How Is Micropos Medical's Cash Burn Changing Over Time?

In our view, Micropos Medical doesn't yet produce significant amounts of operating revenue, since it reported just kr1.5m in the last twelve months. As a result, we think it's a bit early to focus on the revenue growth, so we'll limit ourselves to looking at how the cash burn is changing over time. With the cash burn rate up 45% in the last year, it seems that the company is ratcheting up investment in the business over time. That's not necessarily a bad thing, but investors should be mindful of the fact that will shorten the cash runway. Admittedly, we're a bit cautious of Micropos Medical due to its lack of significant operating revenues. So we'd generally prefer stocks from this list of stocks that have analysts forecasting growth.

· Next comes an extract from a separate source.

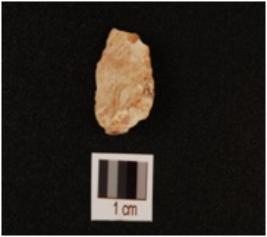 | Description / विवरण | Flake, made by chert pointed distal end, and broken proximal end, irregular, retouch, mark on the both cutting edges. |

How Hard Would It Be For Micropos Medical To Raise More Cash For Growth?

Given its cash burn trajectory, Micropos Medical shareholders should already be thinking about how easy it might be for it to raise further cash in the future. Generally speaking, a listed business can raise new cash through issuing shares or taking on debt. One of the main advantages held by publicly listed companies is that they can sell shares to investors to raise cash and fund growth. By looking at a company's cash burn relative to its market capitalisation, we gain insight on how much shareholders would be diluted if the company needed to raise enough cash to cover another year's cash burn.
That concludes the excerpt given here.